Why is it important for us to know the optimization method now, at the stage of creating the neural network, rather than during its training? It's very simple. Different optimization methods require different amounts of objects to store information, so when creating a neural network, it is necessary to create all the required objects. Given that we have memory constraints on our computing machine, we need to use it rationally and not create unnecessary objects.

When creating layers such as normalization and Dropout, we will need some specific information. For normalization, we need the normalization sample size (batch), and for Dropout, we need to specify the probability of "dropping out" neurons during training.

Looking ahead, for some types of neural layers, we will still need the size of the input and output window, as well as the step size from the beginning of one input window to the beginning of the next window.

To make it easier for the user to create consecutively identical layers, let's add another parameter to specify such a sequence.

As a result, we have accumulated a dozen parameters that the user needs to specify for each layer. Let's add to this the total number of layers to create in a neural network. These are all things we want to get from the user before creating the neural network. We will not overly complicate the data transfer process, and to describe one neural layer, we will create a class named CLayerDescription with elements to store the specified parameters.

class CLayerDescription    :  public CObject
  {
public:
                     CLayerDescription(void);
                    ~CLayerDescription(void) {};
   //---
   int               type;         // Type of neural layer
   int               count;        // Number of neurons in a layer
   int               window;       // Source data window size
   int               window_out;   // Results window size
   int               step;         // Input data window step
   int               layers;       // Number of neural layers
   int               batch;        // Weight Matrix Update Packet Size
   ENUM_ACTIVATION_FUNCTION   activation;  // Activation function type
   VECTOR            activation_params[2]; // Array of activation function parameters
   ENUM_OPTIMIZATION optimization// Weight matrix optimization type
   TYPE              probability;  // masking probability, Dropout only
  };

Note that the created class is inherited from the CObject class, which is the base class for all objects in MQL5. It's a small point that we'll exploit a little later.

We will not complicate the class constructor in any way, but only set some default values. You can use any of your values here. I recommend, however, that you specify the most commonly used parameters. This will make it easier for you to specify them later in the program code.

CLayerDescription::CLayerDescription(void)   :  type(defNeuronBase),
                                                count(100),
                                                window(100),
                                                step(100),
                                                layers(1),
                                                activation(AF_TANH),
                                                optimization(Adam),
                                                probability(0.1),
                                                batch(100)
  {
   activation_params = VECTOR::Ones(2);
   activation_params[1] = 0;
  }

Now let's get back to why it was important to inherit from CObject. Here everything is quite straightforward: we have created an object to describe one neural layer but not the whole neural network. We have not yet specified the total number of layers and their sequence.

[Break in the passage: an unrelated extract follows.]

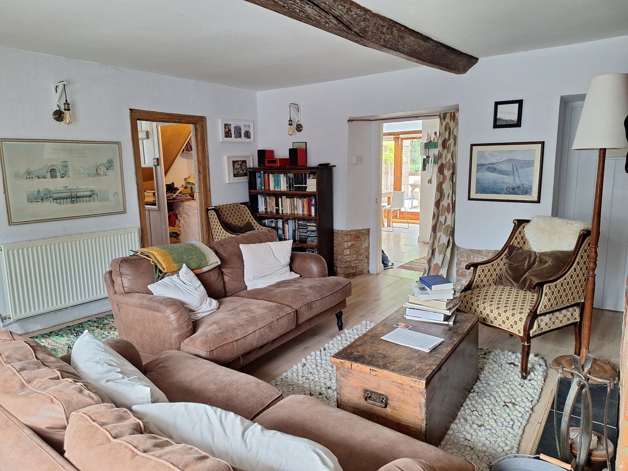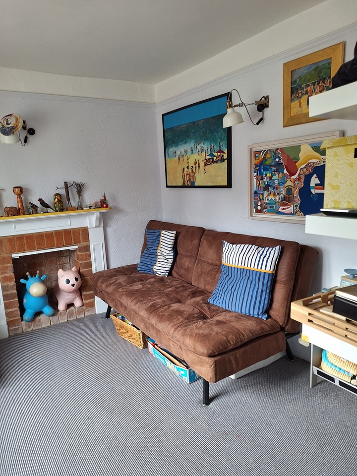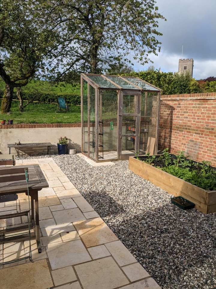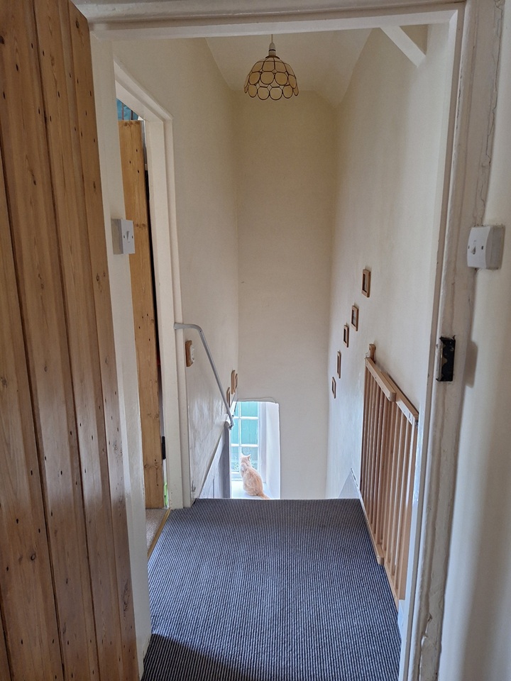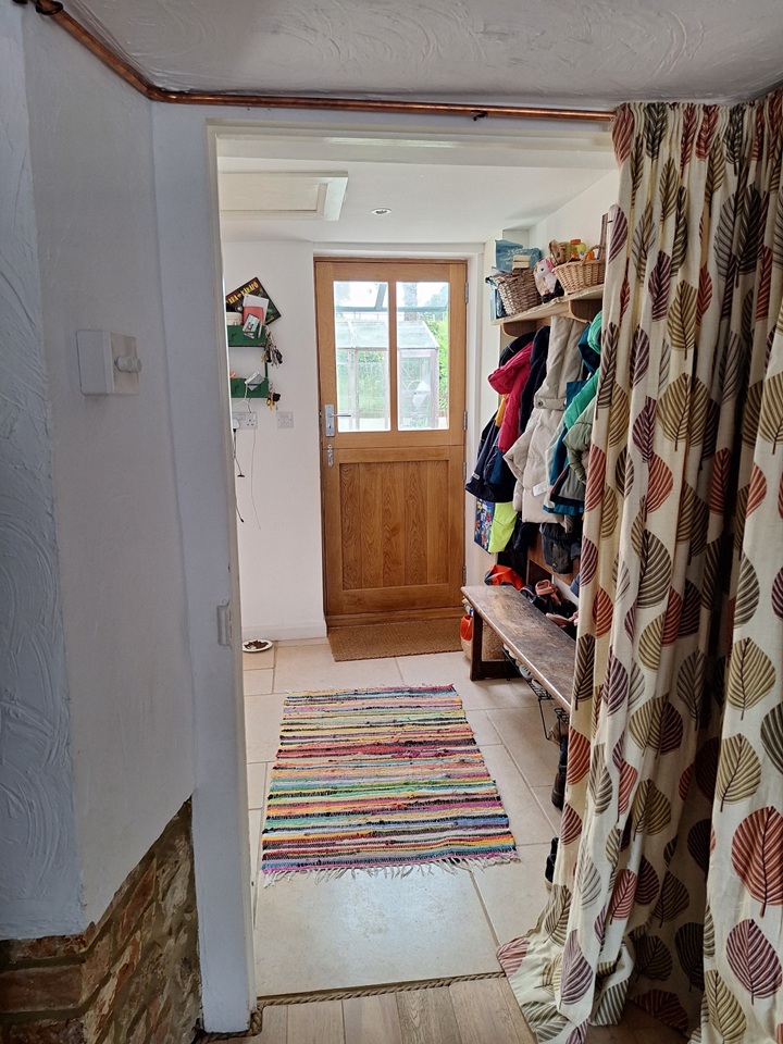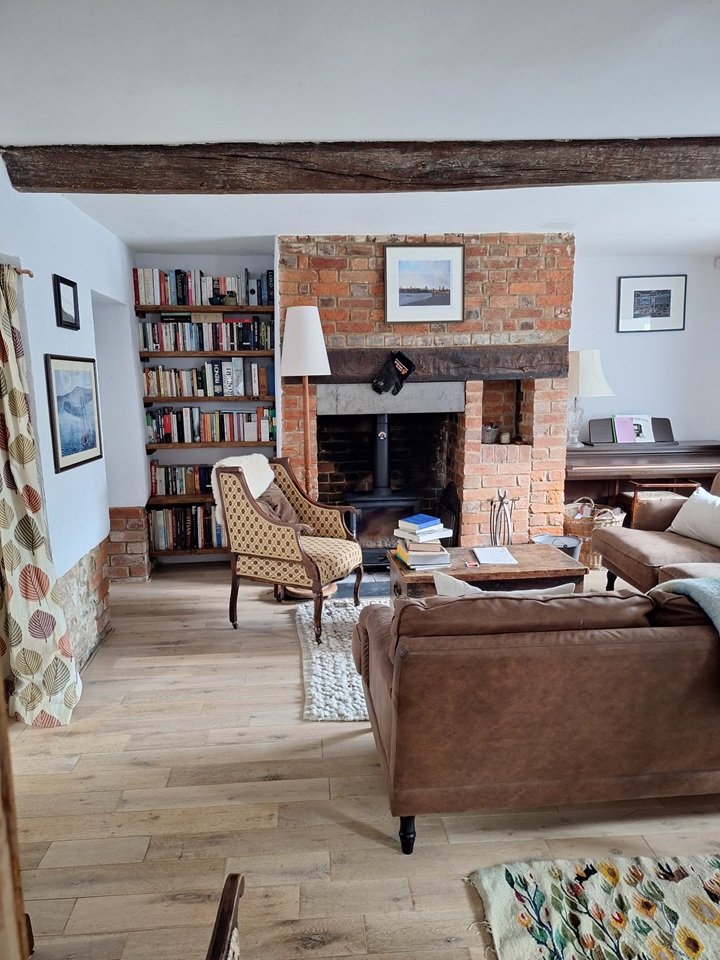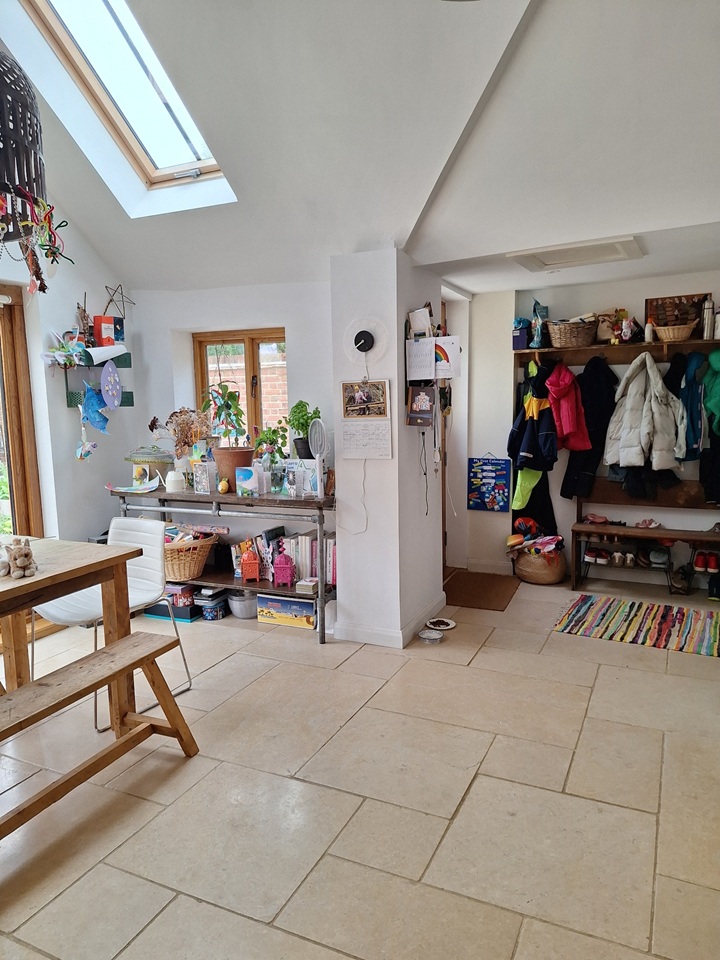 Our house has two upstairs bedrooms and a playroom / snug / guest bedroom downstairs. It has an historic sitting room with old beams and fireplace with stove, and a large, light and recently modernised kitchen leading to a private south-facing courtyard with planters and a greenhouse.

I decided not to complicate the process and use the CArrayObj class from the standard MQL5 library. This is a dynamic array class for storing pointers to CObject objects and their successors. Hence, we can write our neural layer description objects into it. In this way, we address the issue of a container for storing and transmitting information about neural networks. The sequence of neural layers will correspond to the sequence of stored descriptions from the zero-index input layer to the output layer.

In my opinion, this is a rather simple and intuitive way to describe the structure of a neural network. But every reader can make use of their own developments.